#### BRIEF:
Take the lines below from the one with "❸全員がパスかネコタイルがな" through the one with "Last move : 0-1" and print only them, exactly. Don't print the pictures.
● ● ● ●
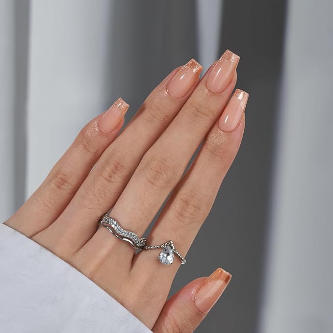 BTArtbox Press on Nails Coffin - Gold Rose French Tips Press On Nails Short for Women, Cat Eye Nail Tips, Glitter Fake Nails with Glue, Glue On Nails in 16 Sizes - 30 Nail Kit, Gold Dust
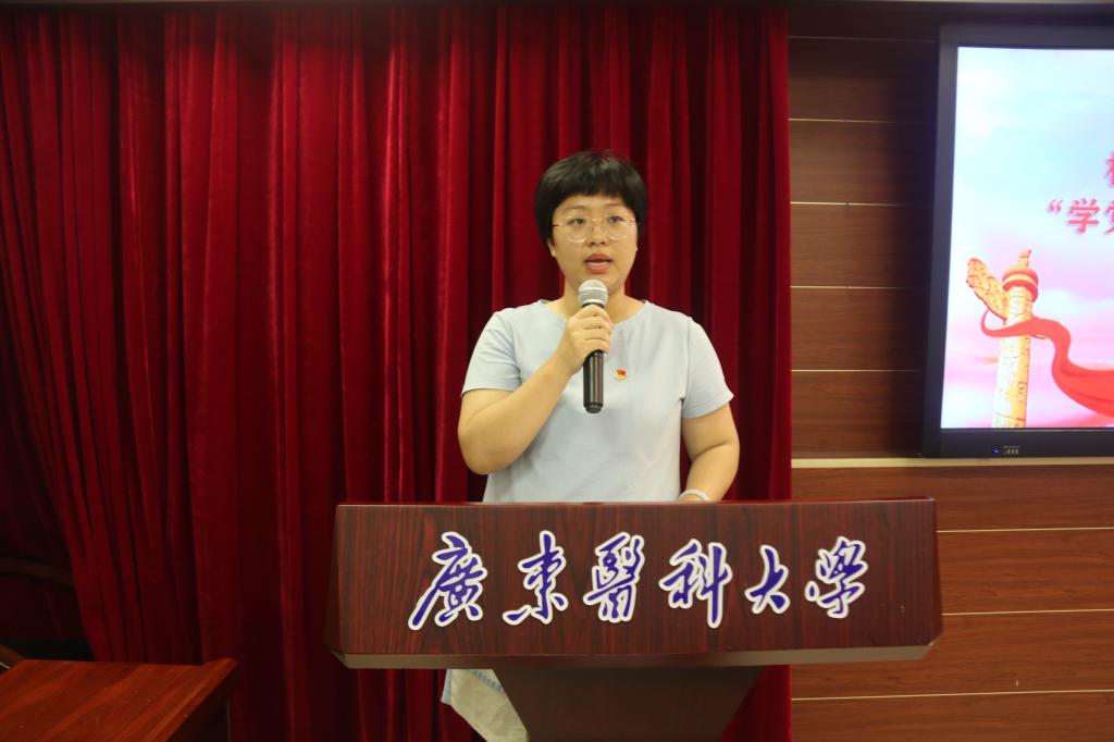 人事处党支部书记岑伟强、工会党支部书记杨海云代表机关党委青年干部做发言。岑伟强书记结合学校人才工作的总体规划,总结分享了在党史学习教育熏陶下人事人的初心、使命;杨海云书记则从自己入职广东医的第一天说起,与大家分享了与广东医同成长的故事和赤诚的爱校之情。
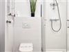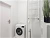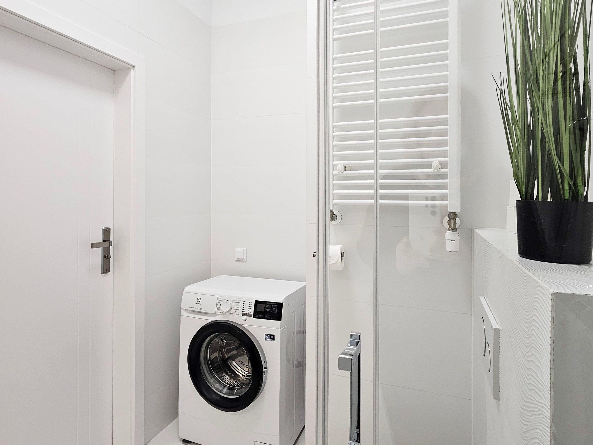 Badezimmer mit Duschkabine, Toilette, Waschbecken und Waschmaschine.
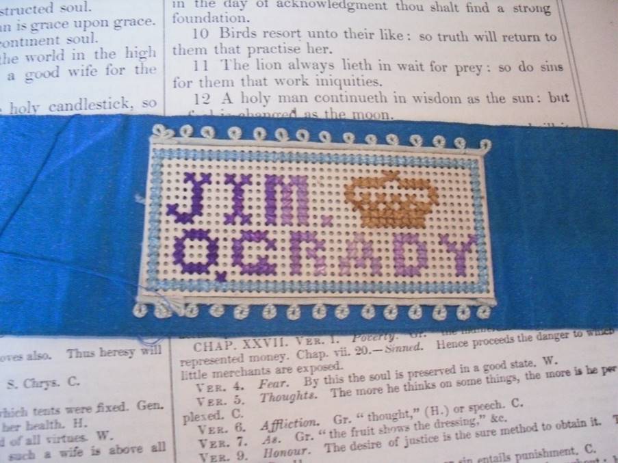 Image of an embroidery which says Jim O’Grady with a crown. In Irish culture the crown did not relate to the royal family, but to the idea of someone being celebrated. It sits within our family bible, and we did not know who it was for until recently.
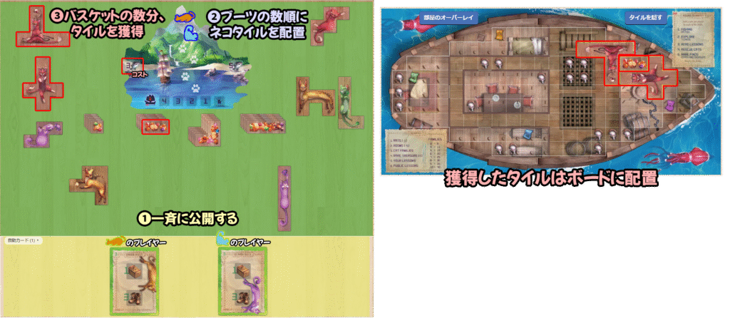 ❸全員がパスかネコタイルがなくなるまで、❷の順番でバスケットを支払ってネコタイルを獲得して船に配置する。
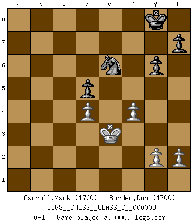 Last move : 0-1 2007 February 23 5:39:4 [Event "FICGS__CHESS__CLASS_C__000009"] [Site "FICGS"] [Date "2006.08.01"] [Round "1"] [White "Carroll,Mark"] [Black "Burden,Don"] [Result "0-1"] [WhiteElo "1700"] [BlackElo "1700"] 1.e4 c5 2.d4 cxd4 3.c3 dxc3 4.Nxc3 Nc6 5.Nf3 e6 6.Bc4 a6 7.O-O Nge7 8.Qe2 Ng6 9.Rd1 Be7 10.Be3 O-O 11.Rac1 b5 12.Bb3 Bb7 13.a3 Rc8 14.Nd2 Na5 15.Ba2 Bf6 16.f4 Bxc3 17.Rxc3 Rxc3 18.bxc3 Qe7 19.a4 Qa3 20.Nb1 Qxa4 21.Rd4 Nc4 22.Bxc4 bxc4 23.Rxc4 Qa1 24.Qc2 Bc6 25.Rb4 a5 26.Rb6 f5 27.exf5 Rxf5 28.Rb8+ Rf8 29.Rxf8+ Nxf8 30.Kf2 d6 31.Qd3 a4 32.Qxd6 Qxb1 33.Qxc6 a3 34.Bd4 a2 35.Qc7 Qc2+ 36.Kf3 Qd3+ 37.Kf2 Qxd4+ 38.cxd4 a1Q 39.Qc4 Qb2+ 40.Kf3 Qb7+ 41.Kf2 Qd5 42.Qxd5 exd5 43.Kf3 Ne6 44.Ke3 g6 0-1 This chess game has been lost on time (started : 2006.08.01 15:15:51) Sicilian : Smith-Morra gambit Kingside Castling by player White (move 7) Kingside Castling by player Black (move 10) Promotion Queen by player Black (move 38) 10 pieces endgame at move 42 : White KPPPP , Black KNPPP WHITE : King + 4 Pawns BLACK : King + 1 Knight 3 Pawns Player Black won this chess game. Follow this game move after move (download)The chessboard is the world, the pieces are the phenomena of the Universe, the rules of the game are what we call the laws of Nature and the player on the other side is hidden from us. (Thomas Huxley) Sehr viele beherrschen heutzutage das große Einmalseins des Schachspiels und kennen sogar dessen Logarithmentafeln auswendig - deshalb sollte man hin und wieder zu beweisen trachten, dass zwei mal zwei auch fünf sein kann. (Mikhail Nekhemyevich Tal) El Ajedrez es un regaderazo frío para la mente. (Sir John Simon) Je crois qu'il existe des manières très spécifiques de jouer efficacement contre une machine. Evidemment, nous n'avons aucune chance en technique pure, parce que l'ordinateur calcule de manière parfaite. Mais lorsque nous faisons appel à notre cerveau, en utilisant l'intuition et la compréhension, alors nous restons beaucoup plus forts. (Anatoli Karpov) To steal ideas from one person is plagiarism. To steal from many is research. (Unknown)
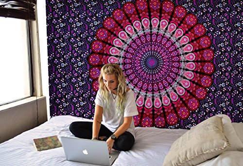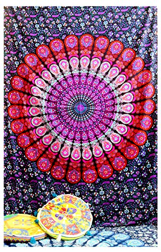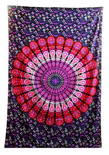 Studio : Anokhiart Publisher : Anokhiart Binding : Kitchen Product Description This gorgeous piece of art can be used as Bedspread, Bed Cover, Table Cloth, Curtain and of course as a Tapestry or a Wall Hanging. Add an ethnic feel to your room with this cotton handmade designs wall hanging. Go for a dramatic makeover of your wall and this tapestry would become a conversational piece of art. A must have in any season for all ethnic savvy ones. This is a rare beauty not to be missed, a genuine collector's item and the result of masterly workmanship. These Tapestries are completely printed in traditional Indian method and takes around a week to complete. 100% Cotton This tapestry are printed, not quilted or woven. They are hippie Indian tapestries. 0
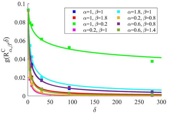 Different combinations of and in Cauchy and Dagum random fields. (A, B, C), (, , ), and (, , ) are the coefficients in the stretched exponential, the Cauchy function, and the Dagum function, respectively. , , and are the error sums of the squares corresponding to the stretched exponential and Cauchy and Dagum functions’ fits, respectively.
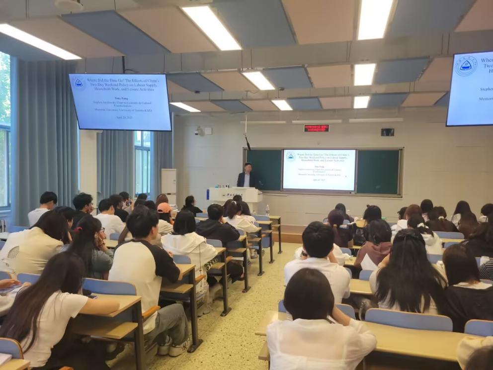4月29日,yl23455永利集团邀请纽芬兰纪念大学方涛教授在第三教学楼作了题为“时间去哪儿了?中国双休日政策对劳动力供给、家务劳动和休闲活动的影响”的学术报告。报告由王法涛副院长主持,我校百余名师生参加。
● ● ● ●
#### TASK SOLUTION:
 ❸全員がパスかネコタイルがなくなるまで、❷の順番でバスケットを支払ってネコタイルを獲得して船に配置する。
 Last move : 0-1 2007 February 23 5:39:4 [Event "FICGS__CHESS__CLASS_C__000009"] [Site "FICGS"] [Date "2006.08.01"] [Round "1"] [White "Carroll,Mark"] [Black "Burden,Don"] [Result "0-1"] [WhiteElo "1700"] [BlackElo "1700"] 1.e4 c5 2.d4 cxd4 3.c3 dxc3 4.Nxc3 Nc6 5.Nf3 e6 6.Bc4 a6 7.O-O Nge7 8.Qe2 Ng6 9.Rd1 Be7 10.Be3 O-O 11.Rac1 b5 12.Bb3 Bb7 13.a3 Rc8 14.Nd2 Na5 15.Ba2 Bf6 16.f4 Bxc3 17.Rxc3 Rxc3 18.bxc3 Qe7 19.a4 Qa3 20.Nb1 Qxa4 21.Rd4 Nc4 22.Bxc4 bxc4 23.Rxc4 Qa1 24.Qc2 Bc6 25.Rb4 a5 26.Rb6 f5 27.exf5 Rxf5 28.Rb8+ Rf8 29.Rxf8+ Nxf8 30.Kf2 d6 31.Qd3 a4 32.Qxd6 Qxb1 33.Qxc6 a3 34.Bd4 a2 35.Qc7 Qc2+ 36.Kf3 Qd3+ 37.Kf2 Qxd4+ 38.cxd4 a1Q 39.Qc4 Qb2+ 40.Kf3 Qb7+ 41.Kf2 Qd5 42.Qxd5 exd5 43.Kf3 Ne6 44.Ke3 g6 0-1 This chess game has been lost on time (started : 2006.08.01 15:15:51) Sicilian : Smith-Morra gambit Kingside Castling by player White (move 7) Kingside Castling by player Black (move 10) Promotion Queen by player Black (move 38) 10 pieces endgame at move 42 : White KPPPP , Black KNPPP WHITE : King + 4 Pawns BLACK : King + 1 Knight 3 Pawns Player Black won this chess game. Follow this game move after move (download)The chessboard is the world, the pieces are the phenomena of the Universe, the rules of the game are what we call the laws of Nature and the player on the other side is hidden from us. (Thomas Huxley) Sehr viele beherrschen heutzutage das große Einmalseins des Schachspiels und kennen sogar dessen Logarithmentafeln auswendig - deshalb sollte man hin und wieder zu beweisen trachten, dass zwei mal zwei auch fünf sein kann. (Mikhail Nekhemyevich Tal) El Ajedrez es un regaderazo frío para la mente. (Sir John Simon) Je crois qu'il existe des manières très spécifiques de jouer efficacement contre une machine. Evidemment, nous n'avons aucune chance en technique pure, parce que l'ordinateur calcule de manière parfaite. Mais lorsque nous faisons appel à notre cerveau, en utilisant l'intuition et la compréhension, alors nous restons beaucoup plus forts. (Anatoli Karpov) To steal ideas from one person is plagiarism. To steal from many is research. (Unknown)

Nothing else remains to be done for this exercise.